The expression of TS can vary significantly among individuals and is frequently accompanied by high rates of comorbid conditions, observed in up to 90% of patients (6, 7). Notably, Attention Deficit Hyperactivity Disorder (ADHD) and Obsessive Compulsive Disorder (OCD) are the most common comorbidities associated with TD (6), however many patients also experience mood disorders, impulse control difficulties, self-injury, or socially inappropriate behaviors (8).

The intensity of tics often peaks in early adolescence, with many individuals experiencing a decline in both frequency and severity after puberty (8). However, approximately 20% of children with TD continue to exhibit moderate functional impairment as they transition into adulthood (9). Despite this, in many countries, a significant concern is the lack of continuity in specialized care during this transition, potentially impacting long-term outcomes (6).

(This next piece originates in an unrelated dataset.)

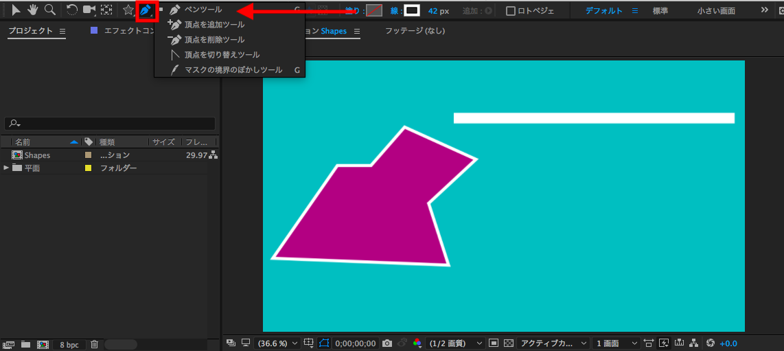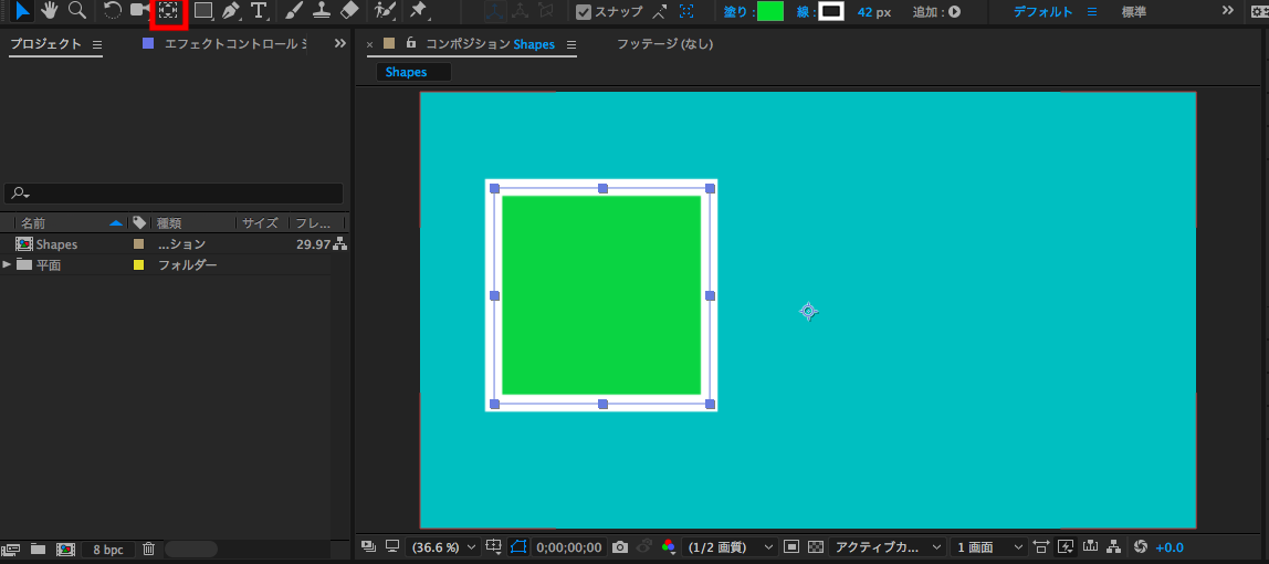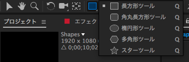新規プロジェクト・新規コンポジションを設定した後で、上部にあるツールバーからシェイプツールを選択して図形を追加することが出来ます。

TS/TD have been associated with an impairment in quality of life (QoL), leading to adverse psychological, behavioral, social, and academic outcomes (6, 10, 11). Increased severity of tics, accompanied by the presence of comorbid conditions, significantly contributes to these negative psychosocial effects (12). It is known that sleep disturbances, such as bedtime resistance and fragmented sleep, contribute to heightened physiological and psychological stress in individuals with TS/TD, exacerbating tic severity through increased stress and impaired emotional regulation (13). Also, recent studies suggest that elevated perceived stress and impaired family functioning are among the strongest predictors of reduced QoL in adolescents with TS/TD. Family dynamics, characterized by communication difficulties and decreased cohesion, along with heightened stress sensitivity, may exacerbate emotional and social distress, regardless of tic severity (14). Furthermore, experiences of stigmatization and social rejection can exacerbate challenges, limiting opportunities for developing friendships and essential social skills (6).

Another factor contributing to the reduced QoL in this population is the lack of adequate information regarding the diagnostic and therapeutic pathways (15, 16). This informational gap not only creates barriers to obtaining a timely diagnosis but also limits access to first-line treatments for tics, such as cognitive-behavioral therapy (15).

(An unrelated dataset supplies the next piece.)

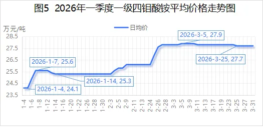 2026年一季度,国内一级四钼酸铵均价26.47万元/吨,较2025年四季度24.32万元/吨,环比增长8.84%;较2025年一季度21.74万元/吨,同比增长21.76%。

Studies in Canada (17), the United States (18), Spain (19), and Australia (20) echo similar challenges, noting that the diagnostic process for TS/TD is often lengthy and complex. Additionally, healthcare professionals lack knowledge about tics, and there is a shortage of qualified teams to manage TS/TD and its comorbidities (15, 20).

In light of these discussed concerns, a comprehensive survey across Italy was conducted to investigate access to care, and the accessibility of diagnostic and therapeutic processes in both the National Health Service (NHS) and private facilities. This survey will also assess the long-life impact of TS/TD on social interactions, educational and employment experiences, romantic relationships, and the presence of comorbid conditions.

2 Materials and methods

A comprehensive questionnaire was developed to assess various aspects of the therapeutic-diagnostic process for TS/TD. The survey was designed by experienced neurodevelopmental neuropsychiatrists (VB, SR, GDI) and subsequently revised in collaboration with representatives from family associations of individuals with TS/TD (Associazione Tourette Roma Onlus) to ensure a thorough exploration of relevant issues. The final instrument comprised two versions: a 40-item self-report questionnaire for adult participants and a 33-item caregiver-report questionnaire for patients under 18 years of age. In particular, adult respondents completed an assessment of the quality of the transition from pediatric to adult services.

The survey was administered anonymously via Google Forms and yielded 100 responses from across Italy between October and December 2024. The questionnaire was organized into three primary sections:

- Access to Care: Adapted from the European Patients’ Forum (EPF) report (15). This section evaluates challenges related to accessing care for individuals with TS/TD (15).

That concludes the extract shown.